La Fiscalía de Milán ha citado a declarar a un hombre de 80 años, vecino de la provincia de Pordenone, como primer investigado por su presunta participación en los denominados "safaris humanos" durante el asedio de Sarajevo. Según la investigación, coordinada por el fiscal Alessandro Gobbis, el ahora octogenario habría pagado en los años 90 para viajar a la capital bosnia y, desde posiciones facilitadas presuntamente por el ejército serbobosnio, disparar con rifles de precisión contra la población civil indefensa. Está acusado formalmente de homicidio voluntario continuado y agravado por "motivos abjetos y futiles", delitos que no prescriben, según informó Il Gazzettino.

Las acusaciones se basan en testimonios recogidos por la periodista Marianna Maiorino y en la denuncia del escritor Ezio Gavazzeni. Maiorino declaró que el investigado "se vanagloriaba de haber ido a hacer 'caza del hombre'" y que era conocido por ser "una persona despreciable, extremadamente malvada, temible, apasionado de las armas, de extrema derecha". Según su testimonio, recogido por la agencia ANSA, el hombre solía afirmar en público que llevaba la camisa negra fascista. En su domicilio se encontraron siete armas registradas.

¿Los servicios italianos al corriente?

La investigación, denominada "cecchini del weekend", sostiene que estos viajes estaban organizados y que participaban ciudadanos italianos y de otros países europeos, que pagaban por la experiencia de matar civiles. El escritor Ezio Gavazzeni, cuya denuncia originó la pesquisa, afirmó ante EFE que "habrá más investigados" y que "mucha gente no está durmiendo bien por la noche". La investigación también maneja el testimonio de Edin Subasic, ex agente de los servicios de inteligencia bosnios, quien afirma que el Sismi (servicio secreto militar italiano de la época) tenía conocimiento de estas actividades desde 1994.

El caso evidencia la impunidad durante tres décadas de crímenes de guerra cometidos por figuras fascistas y personas adineradas de diferentes países del mundo por puro sadismo durante el sitio de Sarajevo, donde más de 11.000 civiles fueron asesinados. La Fiscalía de Milán está cooperando con autoridades de Bosnia-Herzegovina, Francia, Suiza y Bélgica para identificar a más presuntos participantes en estas cacerías humanas, cuyos primeros indicios y detalles fueron previamente denunciados en el documental Sarajevo Safari (2022).

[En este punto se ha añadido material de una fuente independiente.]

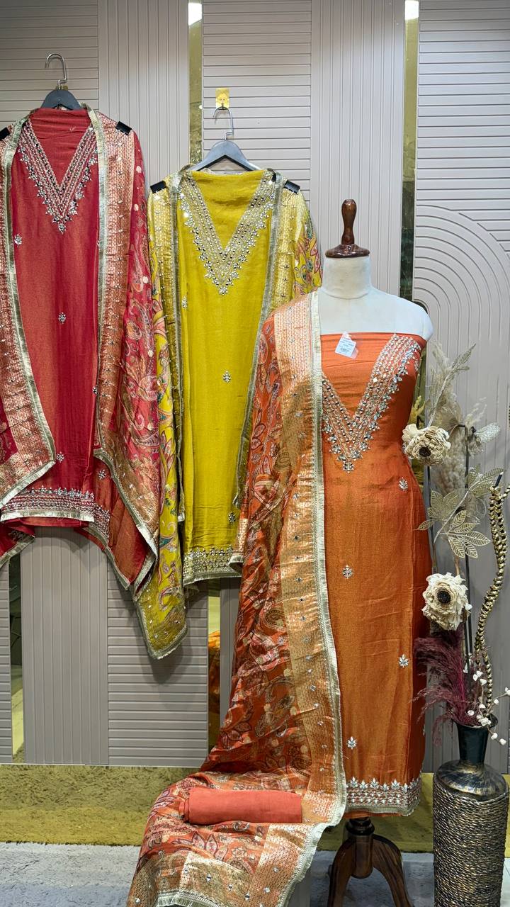Shimmer Fabric Gota and Mirror Work Unstitched Suit Set

Un acusado "muere" semanas antes del juicio

La investigación de la Fiscalía de Milán se ha topado con la muerte "repentina" de un testigo clave, Slavko Aleksic, excomandante paramilitar serbobosnio de 69 años. Aleksic —cuya unidad controlaba una posición estratégica para francotiradores— falleció en Trebinje justo cuando iba a ser citado por los fiscales italianos, casualmente. El periodista croata Domagoj Margetic, que junto al escritor italiano Ezio Gavazzeni destapó el caso, calificó el deceso de "extremadamente sospechoso" y exigió una autopsia antes de la incineración, denunciando un posible intento de borrar pruebas, lo que añade una capa más de sospecha al caso.